Luise Mühlbach was the pen name of Clara Mundt (née Clara Maria Regina Müller; January 2, 1814, Neubrandenburg – September 26, 1873, Berlin), a German writer best known for her works of historical fiction, which enjoyed a wide, though short-lived popularity. Frederick the Great and His Court (Friedrich der Grosse und sein Hof) and many of her other novels have been translated into English.
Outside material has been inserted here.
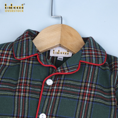 Feature: Little boy sleepwear with classic collar, two functional pockets, mother pearl buttons for easy wearing

She was born to Friedrich Andreas Müller and Friederika Müller (née Strübing) in Neubrandenburg.

==Works==
Her historical fiction includes:
- Andreas Hofer
- Berlin and Sans-Souci; or Frederick the Great and his friends
- A Conspiracy of the Carbonari
- The Daughter of an Empress
- Empress Josephine
- Frederick the Great and His Court
- Frederick the Great and His Family
- Goethe & Schiller, (English edition, 1902, P.F. Collier & Son)
- Henry VIII and His Court
- Joseph II and His Court
- Louisa of Prussia and Her Times
- Marie Antoinette and Her Son
- The Merchant of Berlin An Historical Novel
- Mohammed Ali and His House
- Napoleon and Blücher; or Napoleon in Germany
- Napoleon and the Queen of Prussia
- Old Fritz and the New Era
- Prince Eugene and His Times
- Queen Hortense: A Life Picture of the Napoleonic Era
- The Reign of the Great Elector
- The Youth of the Great Elector
- Franz Rákóczy

==Family==
She was married to the critic and novelist Theodor Mundt.